Morgan Stanley and Charles Schwab are moving to internalize crypto trading within their brokerage platforms, ending a two-year split where client Bitcoin and Ethereum exposure flowed through external exchanges like Coinbase and Robinhood. Both firms are building infrastructure during a market slowdown, capitalizing on regulatory clarity from the FDIC, OCC, and SEC to launch direct trading before anticipated retail demand returns. Morgan Stanley’s E*Trade platform targets a first-half 2026 launch via Zerohash execution, while Schwab has already begun a phased rollout with Paxos, starting with Bitcoin and Ethereum.

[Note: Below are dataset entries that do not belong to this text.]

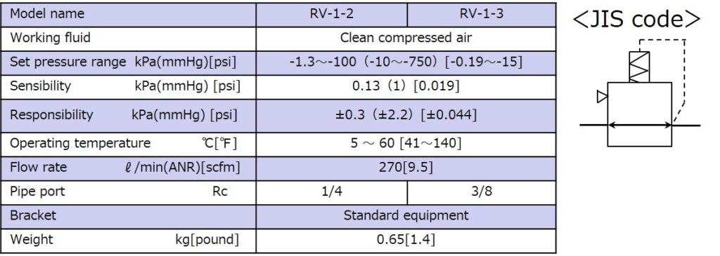 ’RV.S series'' has high accuracy of pressure as vacuum regulator. Direct acting type allows little air leakage, and an efficient controlling of pressure from primary side.
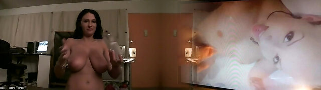 Massive areolas and jugs on the shaved pussy brunette babe
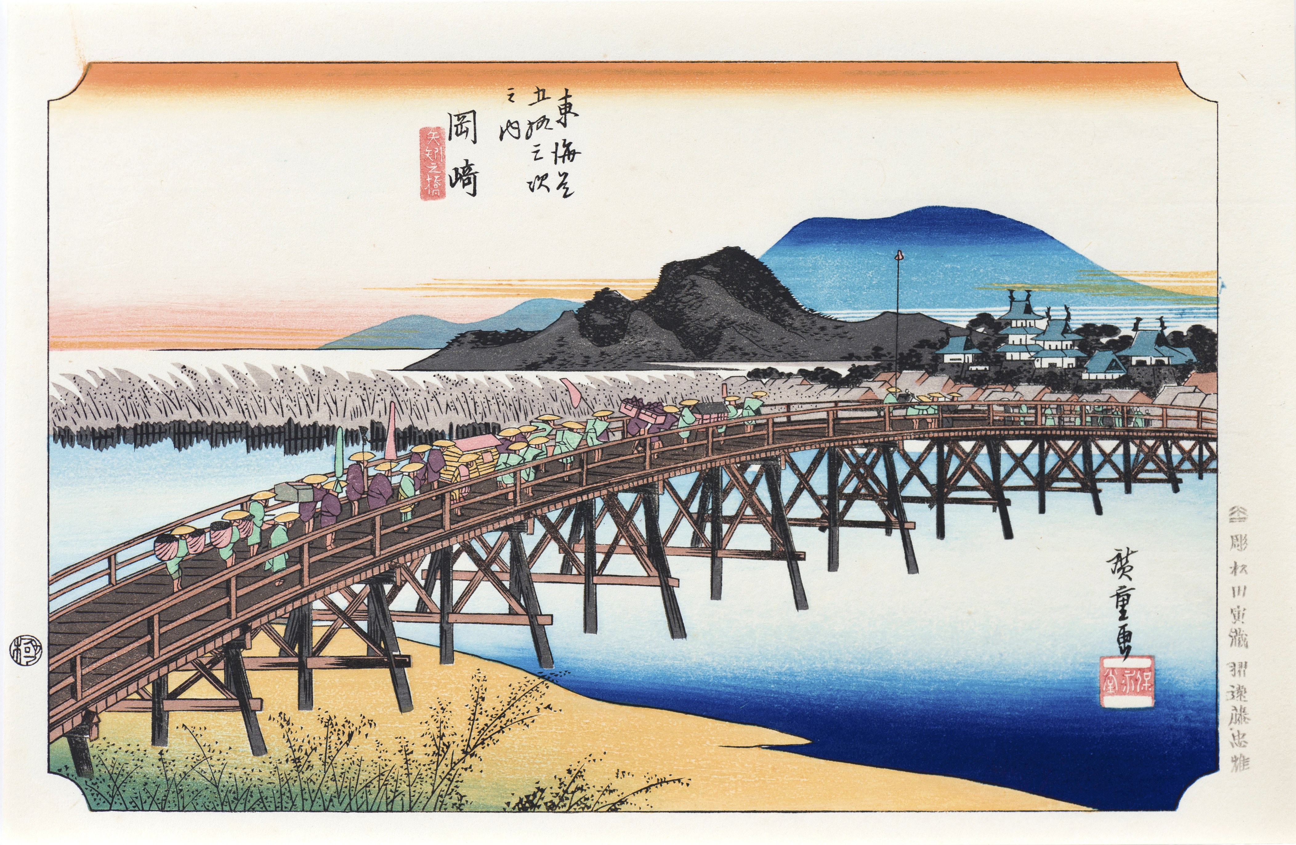 Okazaki, które było miejscem urodzenia Ieyasu, pierwszego szoguna z rodu Tokugawa, stało się jednym z największych miast tamtych czasów. W epoce Edo budowa mostów była ściśle kontrolowana przez rząd w celu ochrony Edo przed atakami, a podróżni byli zmuszeni przekraczać rzeki łodziami. Most Yahagi był jednak wyjątkowy, bo powstał na zlecenie samego szoguna. Most Yahagi w tamtych czasach był najdłuższym mostem na szlaku Tokaido. Na obrazie procesja daimyo przemierza most od jednego końca do drugiego. Za mostem widać zamek Okazaki i wiele domów. Rzeka i odległe góry zostały przedstawione w pięknych odcieniach błękitu przy użyciu bokashi.
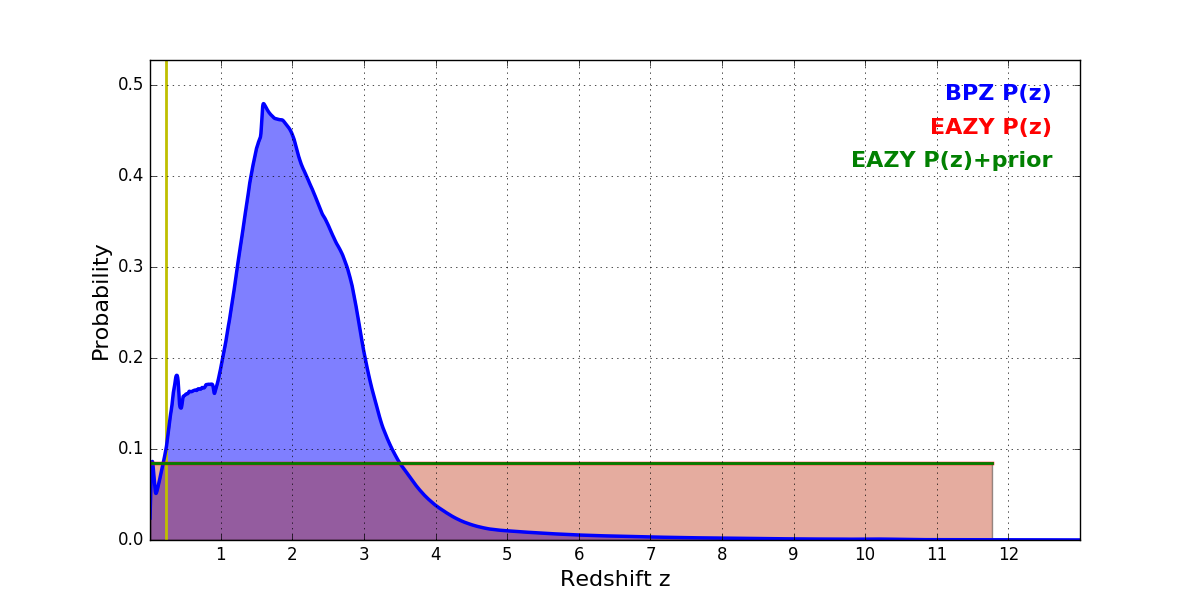 In P(z) plots: Yellow lines mark the cluster redshift z = 0.228,

Regulatory Clarity Unlocks Bank Crypto Infrastructure
Three regulatory decisions in 2025 and 2026 removed barriers to bank-based crypto trading. The FDIC rescinded its prior-approval requirement for crypto activities in March 2025. The OCC clarified in May 2025 that national banks may buy and sell customer-custodied crypto directly. The SEC issued an interim statement on broker-dealer registration in April 2026, enabling mainstream brokerages to offer execution without building separate crypto subsidiaries. Fidelity received formal OCC approval for bank-based crypto custody and execution in February 2026. This regulatory stack eliminated the technical and legal friction that previously forced brokerages to partner with pure-play exchanges.
Spot Bitcoin ETF Inflows Signal Infrastructure Window
US-traded spot Bitcoin ETFs have accumulated $59.7B in net inflows, with BlackRock’s IBIT alone holding $66.7B in assets under management. In May 2026, Bitcoin ETF inflows reached $1.6B, indicating sustained institutional appetite. However, Robinhood’s crypto notional volume fell 48% year-over-year to $24B in Q1 2026, with crypto revenue declining 47% in the same period. This divergence—strong ETF demand paired with declining spot-trading volume—reveals the tactical timing: pure-play exchanges are losing market share to product-based exposure, making this an optimal window for incumbents like Schwab and Morgan Stanley to build infrastructure before retail trading revives. E*Trade’s 8.6M self-directed clients and $1.67T in assets under management provide immediate distribution leverage.
Incumbents Targeting Institutional and Retail Consolidation
The brokerage crypto push reflects a broader institutional shift toward bank-based crypto services. JPMorgan began exploring institutional crypto trading in December 2025. Standard Chartered launched institutional spot Bitcoin and Ethereum trading in July 2025. Goldman Sachs filed for its first Bitcoin ETF in April 2026. Schwab holds 20% of US spot crypto ETP assets, positioning it to cross-sell direct trading to existing Bitcoin exposure holders. By moving crypto execution in-house, both Schwab and Morgan Stanley eliminate intermediaries, lower execution costs, and retain client relationships that currently fragment across multiple platforms. Schwab has indicated plans to expand beyond Bitcoin and Ethereum and add transfer capability over time.
Market Timing and Fixed Cost Economics
Both firms are building infrastructure during a period of reduced retail trading activity—Bitcoin has declined 7% year-to-date as of publication, with Citi’s 12-month price target at $112,000 and bear case at $58,000. Infrastructure costs are fixed regardless of market conditions, making a market lull the economically rational deployment window. Morgan Stanley and Schwab are positioning for the next retail cycle, converting their regulatory advantages and client scale into lasting competitive moats against pure-play exchanges.